Aunt Mary is a 1944-1961 radio soap opera in the United States. Episodes were 15 minutes long, running Monday through Friday. The show began with regional broadcasts on the West Coast, but it eventually was distributed more widely.

Jane Morgan (not to be confused with singer Jane Morgan) starred as Aunt Mary. The actress is perhaps best remembered for her role as Mrs. Davis, Eve Arden's landlady on Our Miss Brooks.

Writers for the program were husband-and-wife team Leigh and Virginia Crosby. He "had been associated with the General Mills shows," and she "had been Irna Phillips's top writer." A 1949 article in Broadcasting added that Virginia Phillips' "credits include such top daytimers as The Guiding Light, Road of Life and Today's Children. Additional writers listed in another source were Gil Faust and Virginia Thacker.
The program's director was George Fogle, who also directed the radio soap opera Ma Perkins for seven years.
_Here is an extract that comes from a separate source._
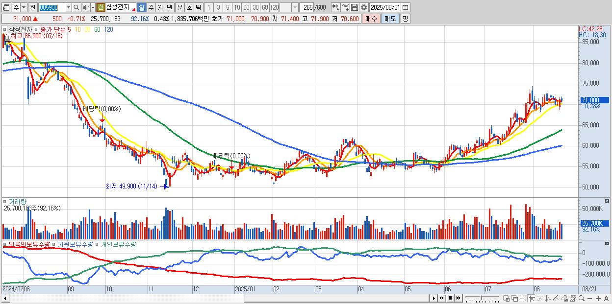 | 2025-08-12 | 385억 | -8억 | -254억 | 676억 | -798억 |

Despite its modest beginning, Aunt Mary achieved and maintained a good level of popularity. An article in Broadcasting magazine, focusing on the program's celebration of its fifth anniversary, reported "Since it first went on the air in February 1944, Aunt Mary has been in the top 15 in the daytime Hooperratings and has usually ranked among the first five programs, national and regional." (The C.E. Hooper Company provided ratings for radio programs much like the Nielsen Company has done for television in more recent years.) The same article cited anecdotal evidence of the program's popularity, reporting "in one area where the program was discontinued, more than 400 letters were received within a week from listeners who wanted to know why it had been dropped and when it would return."

== Sponsors ==
Despite the name of its genre ("soap opera"), Aunt Mary, like some other daytime serials, apparently never was sponsored by a soap company. When it began, it was a sustaining program. The initial sponsor was Los Angeles-based Ben Hur Products (later acquired by McCormick & Company), which promoted its coffee, tea and spices via the program. On Feb. 19, 1945, Safeway Stores, Inc. took over sponsorship. By 1948, Albers Brothers Milling Company had become the sponsor. When the show spread to eastern regions of the United States, Hudson Pulp & Paper Corp. sponsored broadcasts in New York City, Baltimore, Boston, and Philadelphia beginning January 14, 1946.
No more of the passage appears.